It seems like every year there is some vendor that's fish out of water, mostly ones who think there will be great opportunities to sell to musicians. While I see the same new age, holistic, tie dyed, straw hat vendors year after year the serious music guys come once and go. (Not including the smart guy who has the indoor booth selling supplies and music books). One year it was a custom Dobro maker. A couple back an Eastman dealer. This year it was Jay Buckey. We chatted for a while and he said attendance was a gamble on his part but that he was having a good time. I've downloaded a lot of his free files from Jay Buckey dot com so I felt an obligation to get something. I bought Vol 1 of his Mandolin Theory program. Looked interesting and it was only $15.

Already looking forward to next year...

----------


## littledonnie

Adding to GRW3's report. Once the rain stopped on saturday the sun came out and the day was great. I thought the Lovell sisters were great, as were Spring Creek, The McCourys and Dave Alvin. The McCourys and The Lee Brothers set was pretty good too, different but good. Traditional Bluegrass paired with electrified black gospel. Didn't connect (as GRW# would say) with Fred Ealgesmith and had to work during Robert Earl Keens set. Rockgrass? Grassrock? Sunday, clear blue skies, mild temps and the small stage at the campground for Spring Creek, Stonehoney and the Lovell Sisters. Another great set of tunes. Didn't stay for Fred Eaglesmith.

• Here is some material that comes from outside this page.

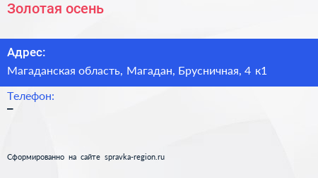 Золотая осень по адресу Магаданская область, Магадан, Брусничная, 4 к1 в дальнейшем Организация, размещена в следующих категориях: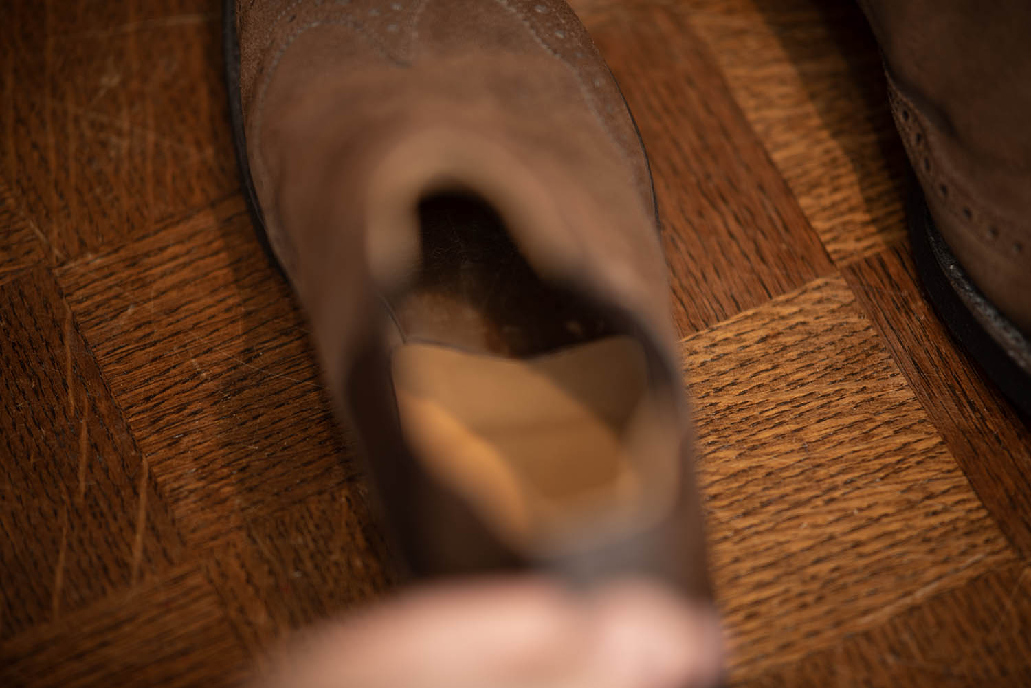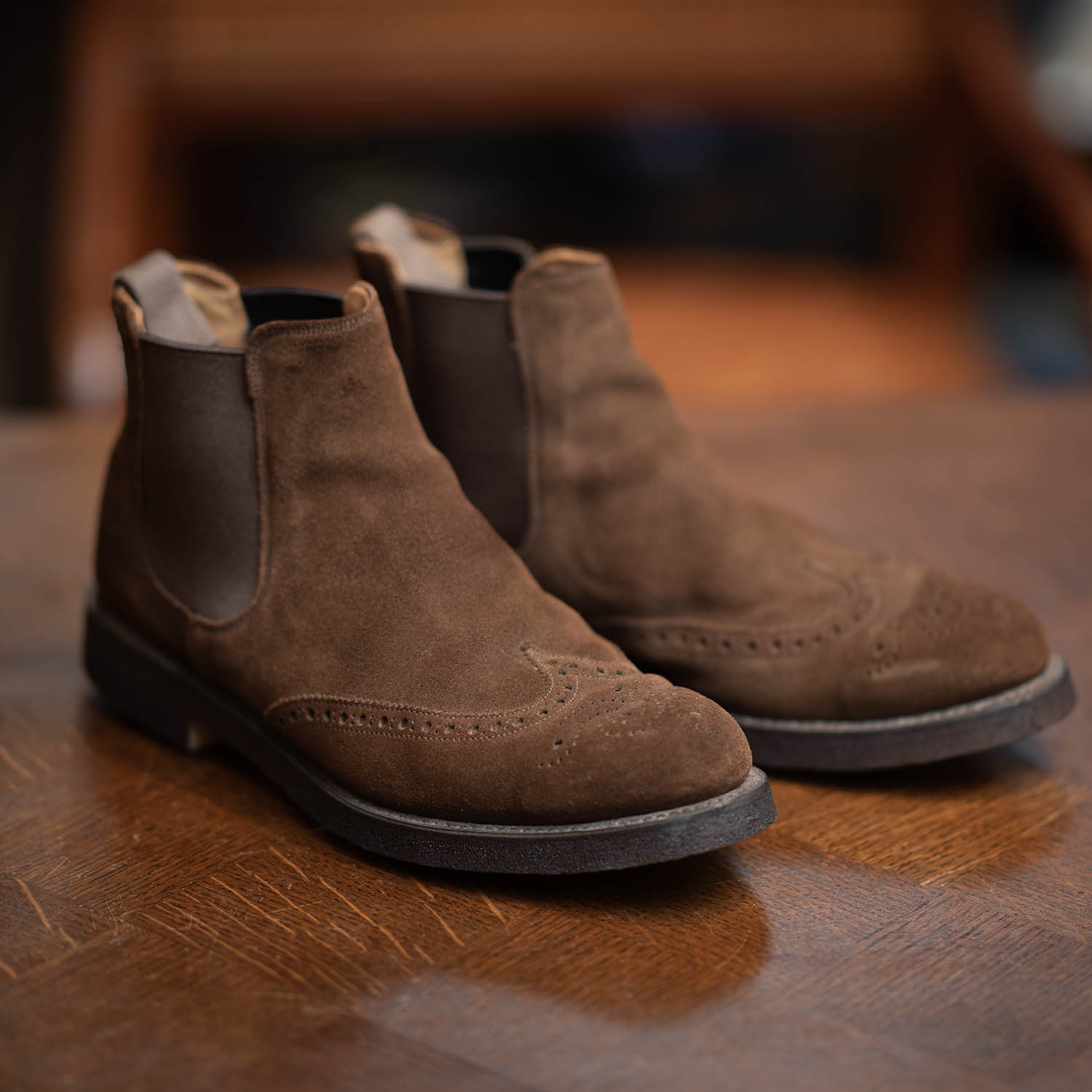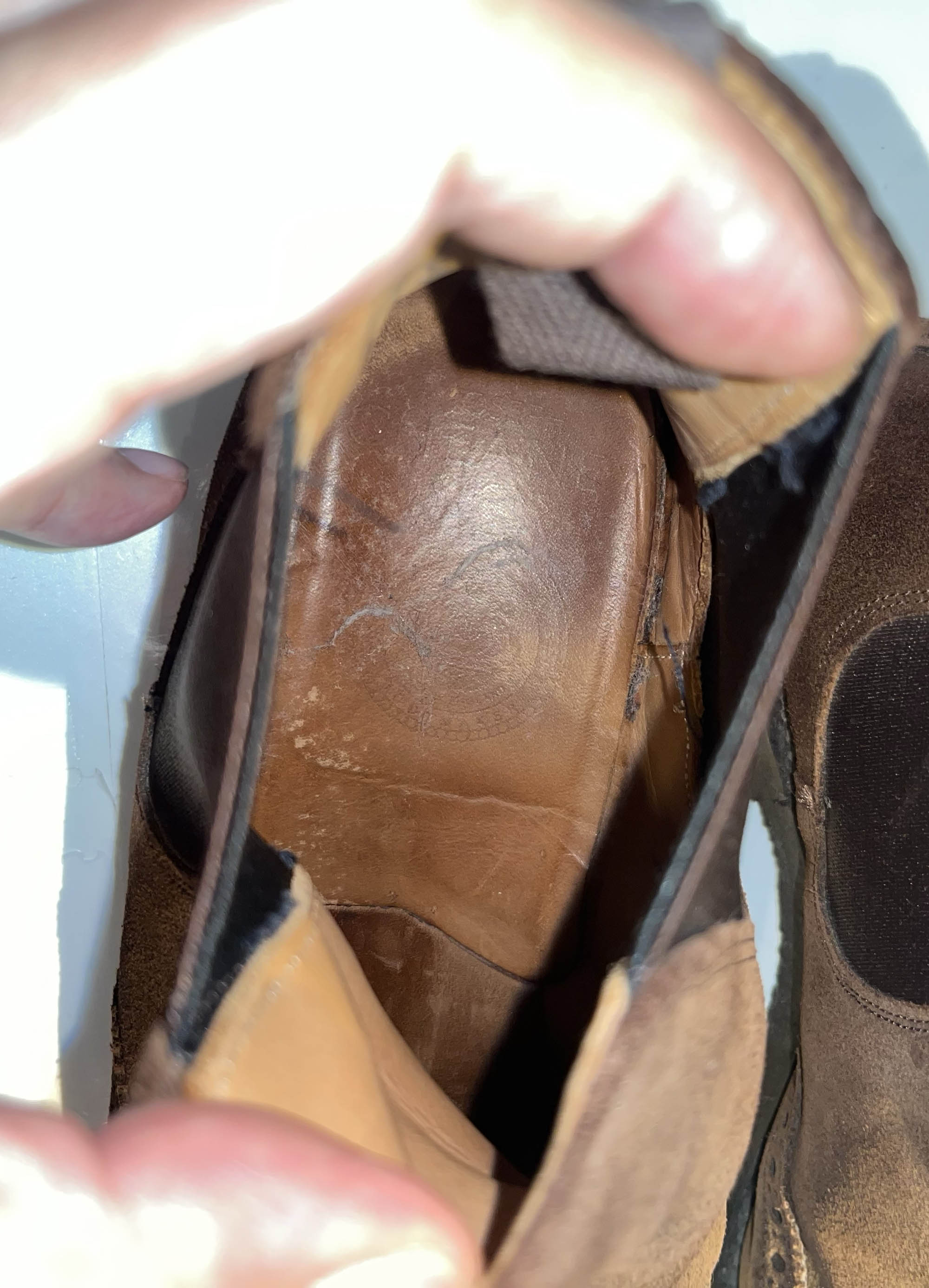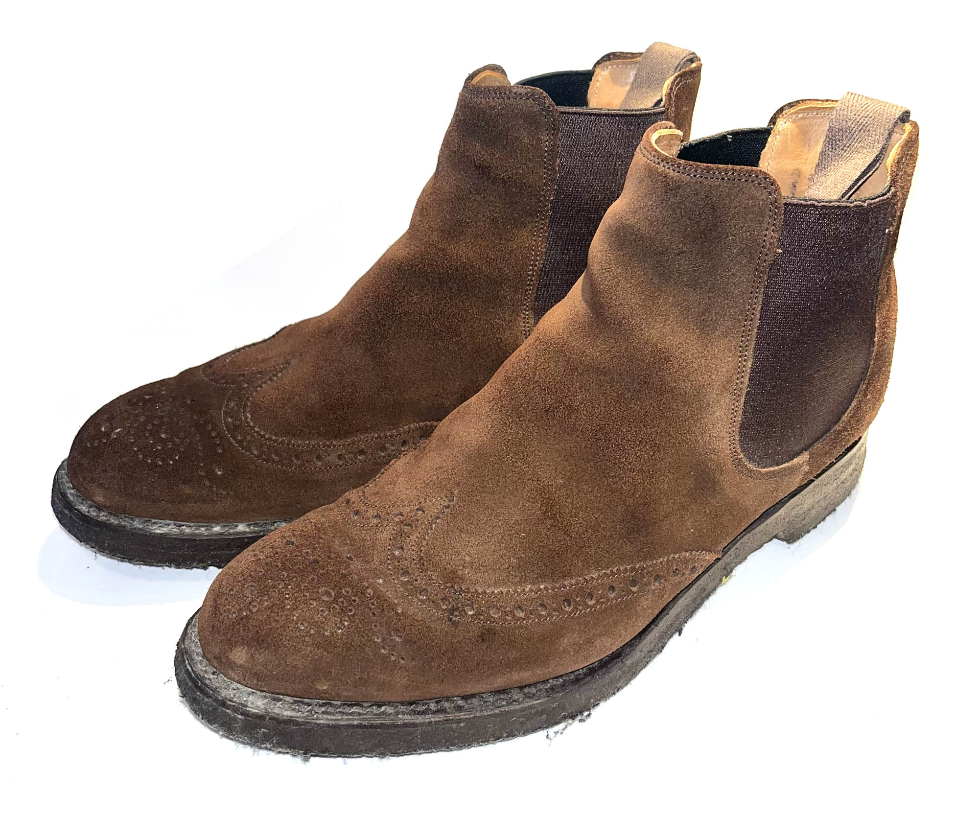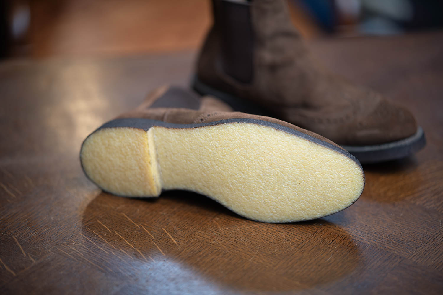 タフな英国靴ジョセフチーニーのチェルシーブーツ。当店で販売した靴ではありませんが、修理依頼がありました。ご希望箇所は、オールソール、インソックの交換です。インソックはロゴなしでもともとの形状に近づけて制作。ソールは、ホワイトのクレープソールで、コバ面は塗装済みです。パッと見は新品のように戻りました。

Going on line with the company calendar to block out the week and third weekend of next April as vacation so I can do it all over again.

----------


## HddnKat

Agree - i'm blocking out the weekend for next year and planning on camping, unless the forecast is for another deluge.  I missed getting to do the socializing and jamming in the campsites, and I want that next year.

----------


## bobby bill

> i'm blocking out the weekend for next year and planning on camping, unless the forecast is for another deluge.


Forget the deluge.  Just waterproof the tent and plan on being there.  The campground is at least half the festival and I did not sense any dampening of the spirits due to the otherwise damp surroundings.

A couple of additional comments to add to the above . . . 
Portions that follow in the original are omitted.